Iselin Vollen Steiro (born 15 September 1985) is a Norwegian model.

== Career ==
Steiro grew up in Harstad in the northern part of Norway, and began her fashion career in 2003 by working for Prada and Calvin Klein in her first season.

In 2004, she moved to New York City to pursue her modeling career. In 2007, she moved back to Norway and enrolled at the Oslo School of Architecture and Design, majoring in architecture while continuing to model in various capacities.

During the spring 2010 Fashion Week, Iselin made a return to the runway, modelling in 20 fashion shows. In New York, Iselin modelled for companies including Michael Kors, Alexander Wang, and Tommy Hilfiger. After skipping the London Fashion Week, and modelling exclusively for Prada in Milan, Iselin went on to model for designers such as Balenciaga, Valentino, Stella McCartney, and Celine.

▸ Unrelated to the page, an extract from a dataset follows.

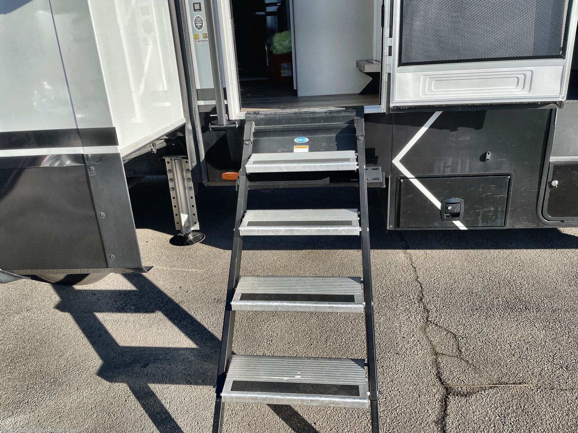 Prepare to be amazed by all the features packed into this toy hauler! There are triple slides that will provide your crew with more space, a separate garage that can sleep five with the loft included, plus a bath and a half for added convenience. The chef of your group will love the middle kitchen with a waterfall island that converts to a counter peninsula, a pull-out pantry, a GE Energy Star 19 cu. ft. refrigerator with ice and filtered water, and much more. In the combined kitchen and living space you'll find a spacious sofa with heat and massage, a fireplace, a TV, plus convenient dog bowls and shoe storage. After your toys are unloaded from the garage, you can relax on the independent dual sofas with a Fold-N-Stow table in between, and your guests can sleep on the HappijacĀ® Sofa and Bed Lift system. You will find the front private bedroom with a king bed slide out will provide a great night's rest, and you'll also find a walk-in closet, under-bed storage, and a sliding dresser top with hidden storage for special belongings.

She has appeared in editorials for magazines including Vogue, W, and T.

She has been featured in campaigns for brands including Prada, Chanel, Versace, Tommy Hilfiger, and Louis Vuitton.

In 2013, she portrayed the young David Bowie in his music video "The Stars (Are Out Tonight)".

As of 2018, she works as a co-designer for the undergarment line Le Backhand.

== Personal life ==
In 2007, Steiro met Anders Danielsen Lie, a Norwegian physician and actor, and they married on 5 July 2008. They have two daughters together.